This is becoming my 2nd favorite thread next to the reconciliation thread. AC, I love you. Will you adopt me? lol


----------



## Affaircare (Jan 11, 2010)

*Re: Don't think I have the "right" to be upset, yet at the same time, I do...*

LOL I am not old enough to be your mother


----------



## Maricha75 (May 8, 2012)

*Re: Don't think I have the "right" to be upset, yet at the same time, I do...*



Affaircare said:


> LOL I am not old enough to be your mother


Hmmm... well, then, you will have to be our sister!


----------



## SomedayDig (Jul 17, 2012)

*Re: Don't think I have the "right" to be upset, yet at the same time, I do...*



bfree said:


> This is becoming my 2nd favorite thread next to the reconciliation thread. AC, I love you. Will you adopt me? lol


We need a WoW support group. But not in a bad way of support. As in support me while I am trying to farm mats in Wintergrasp to make moneh!! Silly Allies always gang up on me :rofl:

Someone come up with a good PVE server and we'll all start a new toon and kick the crap out of some murlocs and many whelps.


----------



## Maricha75 (May 8, 2012)

*Re: Don't think I have the "right" to be upset, yet at the same time, I do...*



SomedayDig said:


> We need a WoW support group. But not in a bad way of support. As in support me while I am trying to farm mats in Wintergrasp to make moneh!! Silly Allies always gang up on me :rofl:
> 
> Someone come up with a good PVE server and we'll all start a new toon and kick the crap out of some murlocs and many whelps.
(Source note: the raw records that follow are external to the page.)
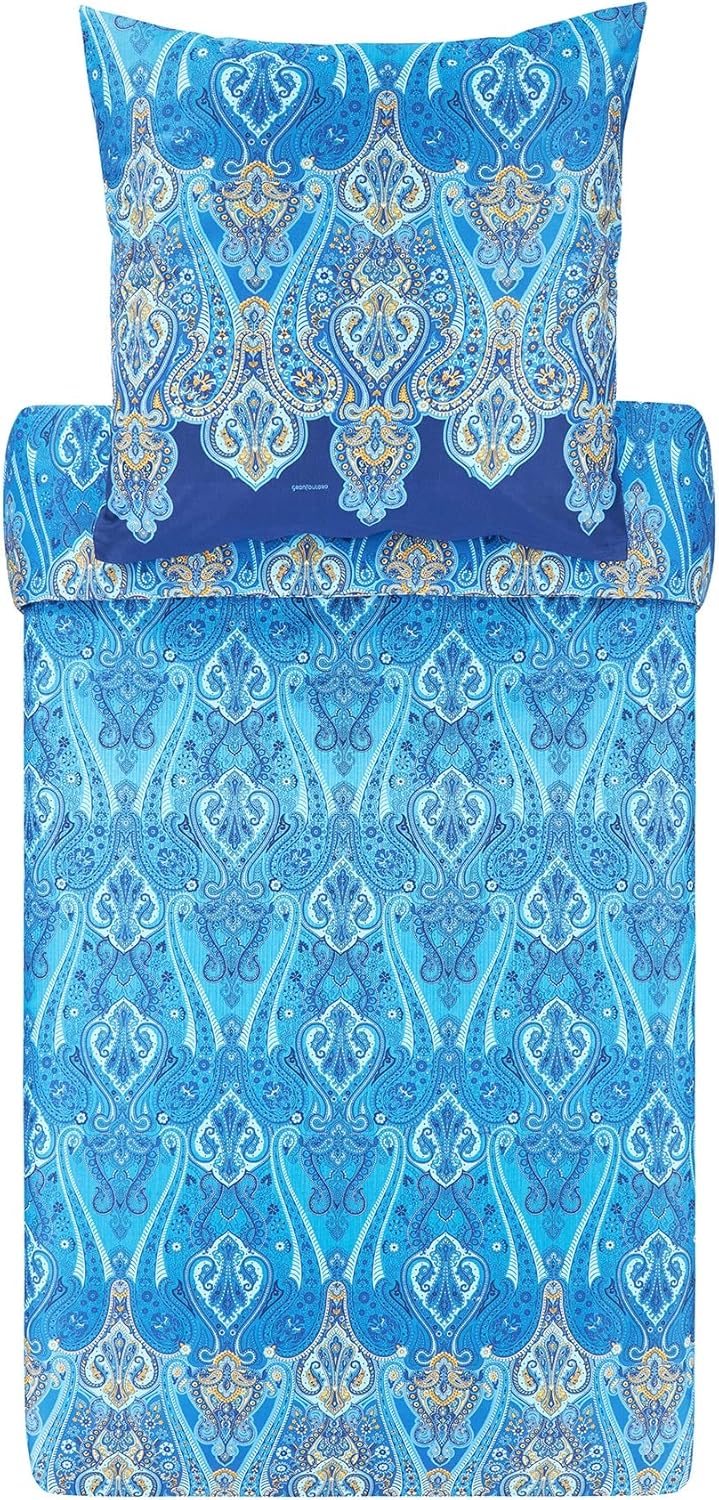Bassetti RAGUSA Bettwäsche + 2 Kissenhüllen aus 100% Baumwollsatin in der Farbe Blau B1, Masse: 200x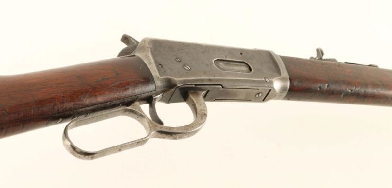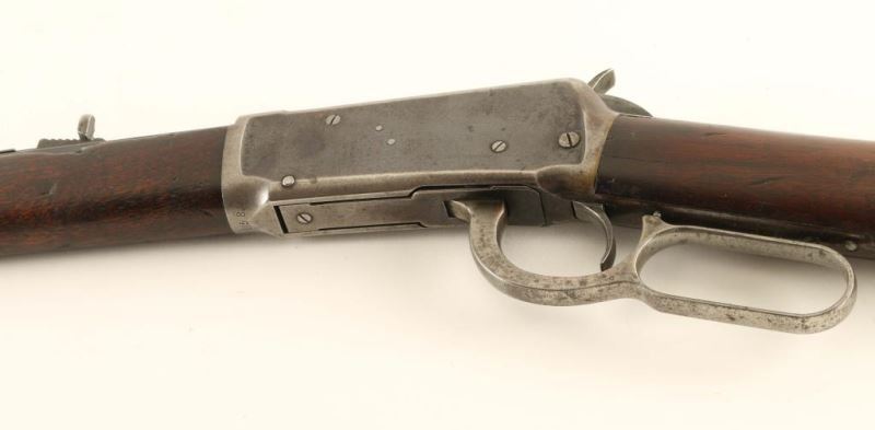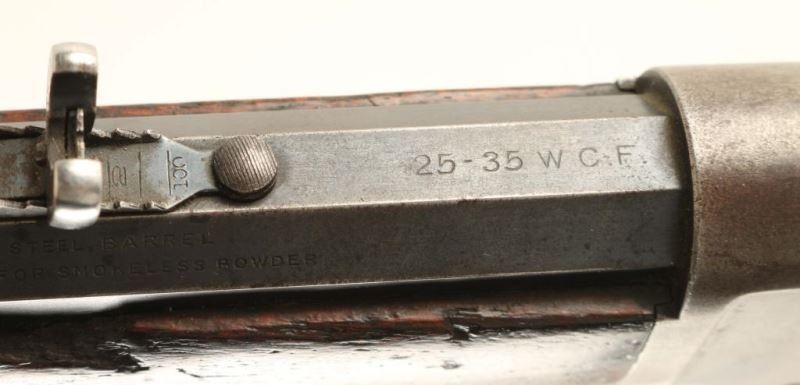 Early lever action repeating rifle chambered in .25-35 Winchester, circa 1896. Original blued finish, 26" octagonal barrel, full length tube magazine, D.W. King blade front sight, King adjustable semi-buckhorn rear sight, smooth trigger, grip safety, fancy knurled hammer spur, smooth walnut forend with metal cap and straight grip shoulder stock with crescent metal buttplate. Rifle retains approximately 50% of it's thinned original finish showing honest wear with some oxidation & light pin prick pitting. Action is sound, bore is very good and wood stocks are fair with some gauges, dents & cracks around the wrist. Condition is very good. ***Antique Firearm***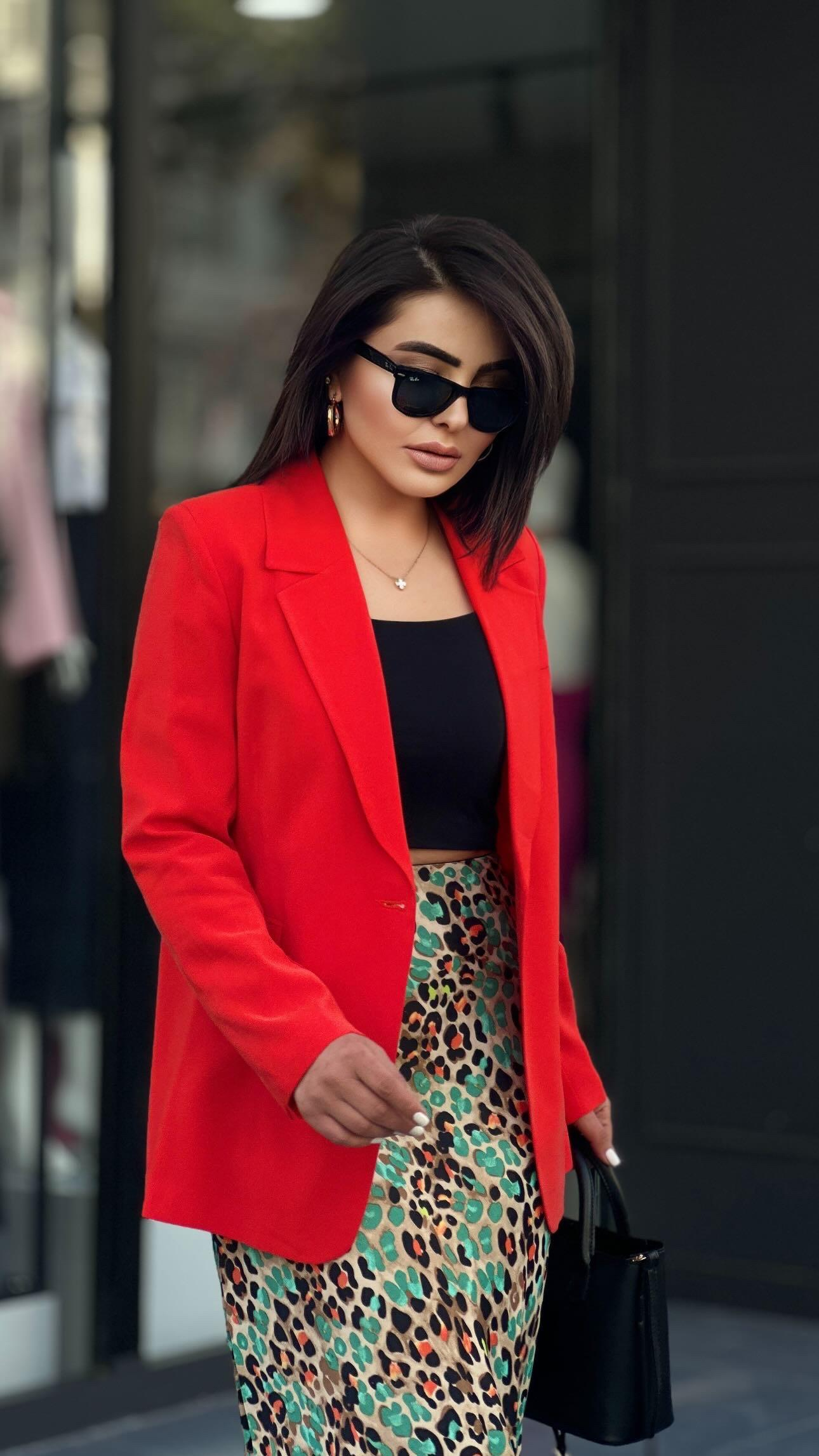 Nar Çiçeği Kol Yırtmaçlı Astarlı Tensel Doku Blazer Ceket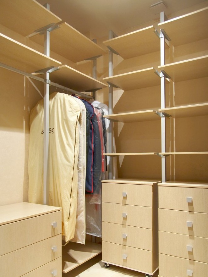 - À Brezhnevka, les dimensions vous permettent de concevoir une pièce à part entière avec différents types d'étagères, des tiges à charnières, des miroirs de croissance.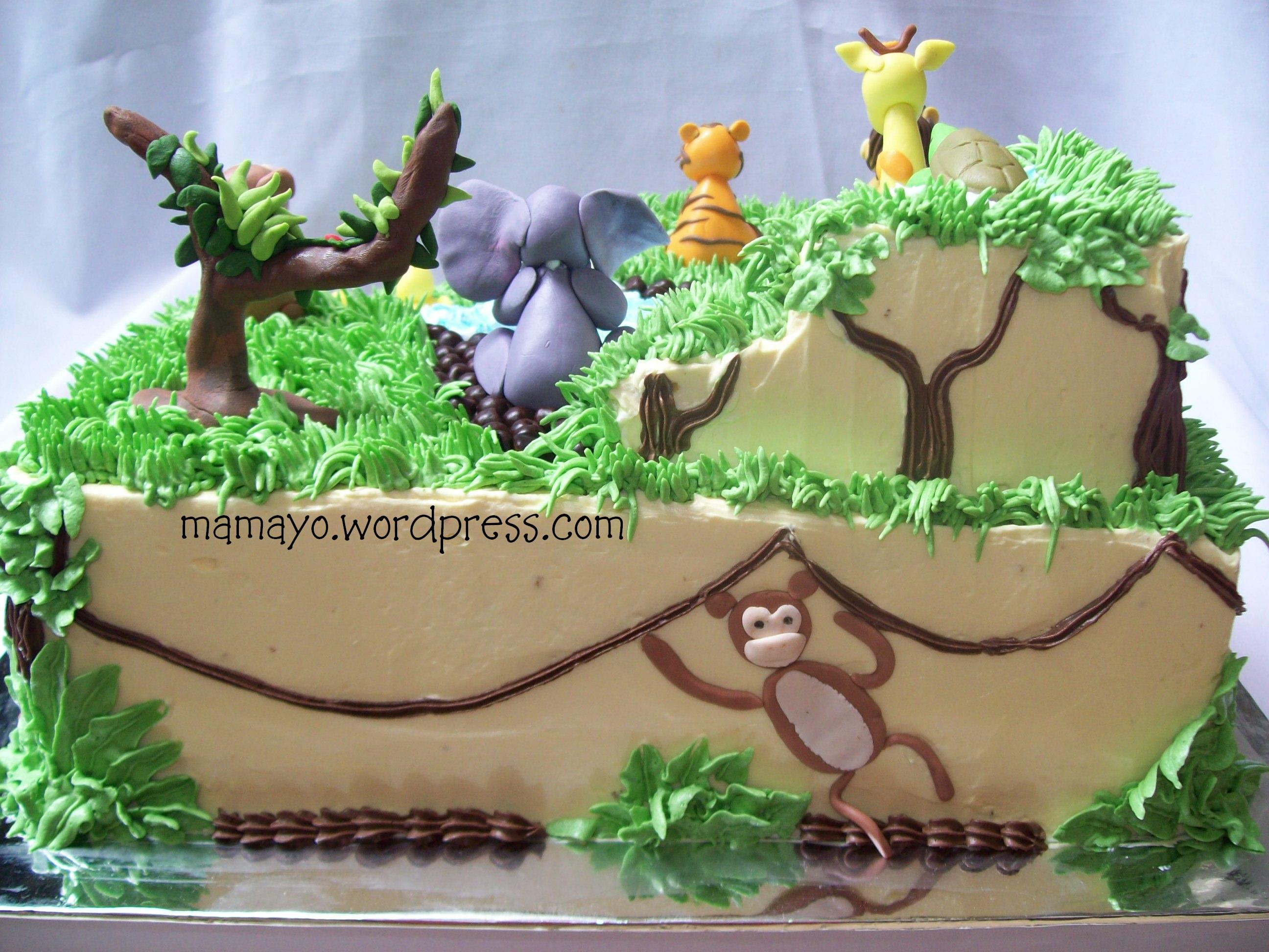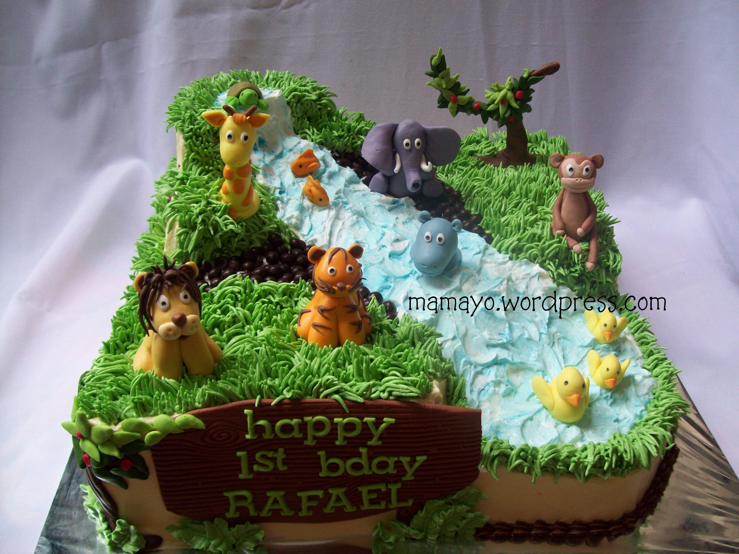 2 02 2010orderan Ibu Sigrit untuk ultah anaknya Rafael, ibu sigrit udah order jauh-jauh hari, minta kue happy jungle, tapi nggak cover cake pake fondant dan coklat, dan milih pake BC aja. Nah begitulah jadinya, cake cover BC dengan figurinnya aja dari fondant.

If it makes you feel better, I suck at PVP, so even if I was in WG while you farmed mats, you'd have kicked my ass easily.... 

Murlocs... am I the only one who gets annoyed by the sound they make???

Oh, hubby said even if we return, no raiding because he has no interest in having to learn the mechanics of the boss fights, etc. His main was a tank, so it was on him to keep aggro and on me to keep him up. Yea, yea... double entendre. 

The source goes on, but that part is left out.